Ceriantharia and Antipatharia were formerly jointly classified in a taxon called Ceriantipatharia, which was considered a separate (sub)class outside Hexacorallia.

===Skeleton-based classification===
Based on the type of their skeleton, the hexacorals are divided into sea anemones, antipatharians and (Hexacorallian) corals. More specifically:
- The Ceriantharia, Zoanthiniaria, Actiniaria, Corallimorpharia and Relicanthidae have no skeleton, i. e. they are "soft", and are therefore called sea anemones. Note that the definition of the term sea anemone can vary (see the above chapter Sea anemones).
- The Antipatharia have a horn-like - and therefore flexible - skeleton.

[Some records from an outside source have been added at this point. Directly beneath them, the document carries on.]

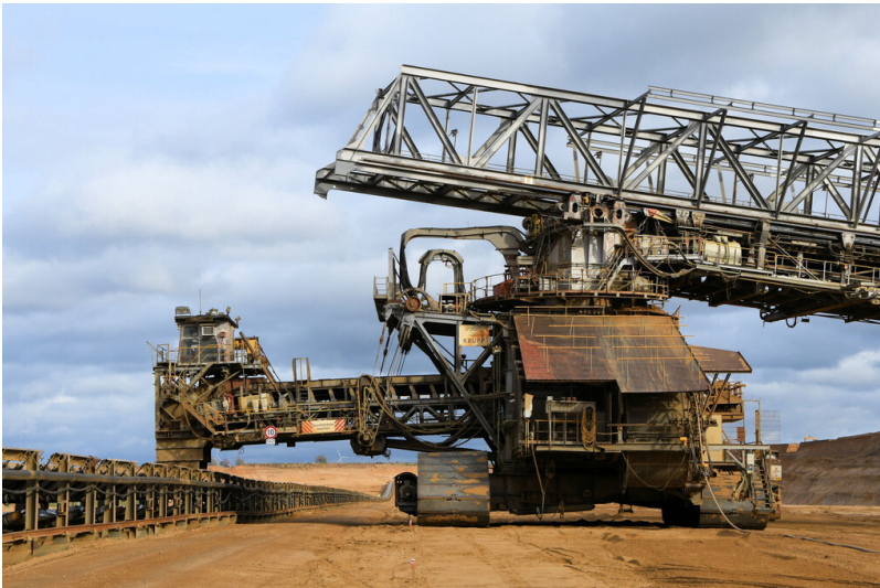
Tagebau Hambach: Schaufelradbagger 291, Bandbeladewagen mit Übergabeausleger und Bandbeladekopf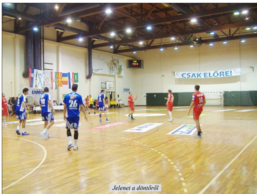
Jelenet a döntőről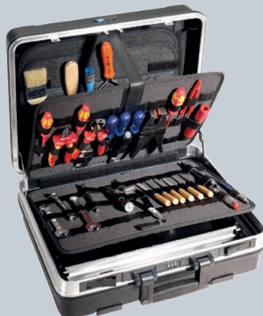
Obj. č. 350 777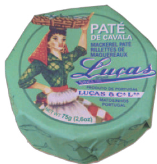
PATÊ DE CAVALA EAN13: 5602899221419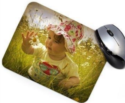
Vintage 2 : Bords assombris, ton chaud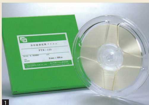
1 CTA(三酢酸セルロース)線量計を開発 (富士写真フィルム(株)と共同)【56年5月18日】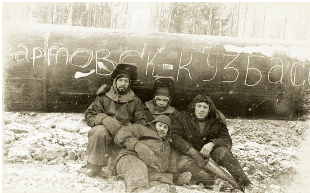
Строительство газопровода НГПЗ – ПарABELь – Кузбасс, 1970-е годы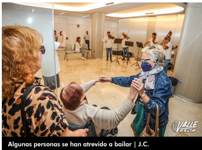
Algunas personas se han atrevido a bailar | J.C.

El hospital ha contado con dúos de violonchelos, cuartetos de cuerda, percusión, sextetos de viento repartidos por todas las secciones. Además, algunos de los pacientes se han lanzado a bailar como ha ocurrido en oncología donde la música ha traído la alegría, a la vez que algunas personas se han emocionado escuchando la música.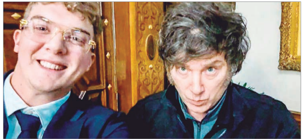
El informe acusa a Milei de usar su investidura en beneficio de intereses privados

La investigación desmiente las afirmaciones oficiales sobre el bajo número de afectados y revela que más de 114.000 billeteras sufrieron pérdidas. El informe también expone antecedentes que muestran un patrón repetido. Entre ellos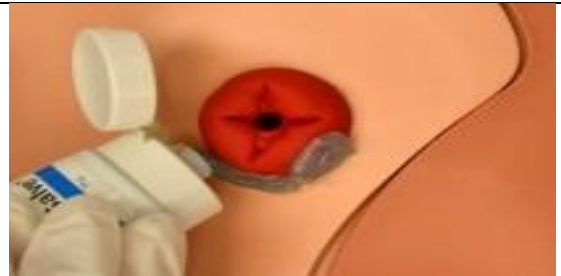
یک لایه از پماد ضد سوختگی را روی پوست اطراف استوما بیافزایید.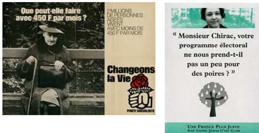
Figure 1 : Exemple d'affiches du Parti Socialiste.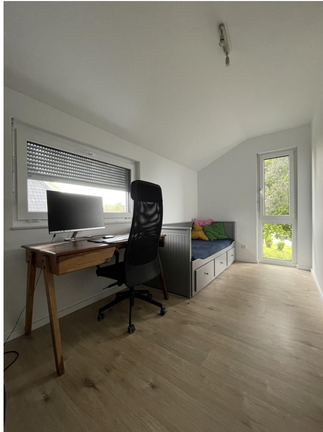
Büro / Schlafzimmer 3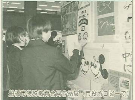
船橋市特殊教育合同作品展(市役所ロビーで)

- All the remaining (recent and fossil) taxa of the above system have a calcium carbonate - and therefore rigid ("hard") - skeleton, which, in this class, is always compact. They therefore constitute the main group of what is usually called corals (i. e. anthozoans and hydrozoans with a compact rigid skeleton). Note that the definition of the term coral can vary, for example octocorals without a compact skeleton and Antipatharia are sometimes also included in the term corals.
In the 19th century, this skeleton-based division into three parts was also the standard formal way of subdividing the taxon hexacorals, i. e. the Hexacorallia [aka Zoantharia] consisted of the taxa (orders):
- Actiniaria sensu lato [aka: Zoantharia malacodermata], i.e the sea anemones in the broadest sense;
- Antipatharia [aka: Zoantharia sclerobasica], i. e. the same as today's antipatharians;
- Madreporaria sensu lato [aka: Zoantharia sclerodermata], i. e. all the rest, meaning all Hexacorallian corals.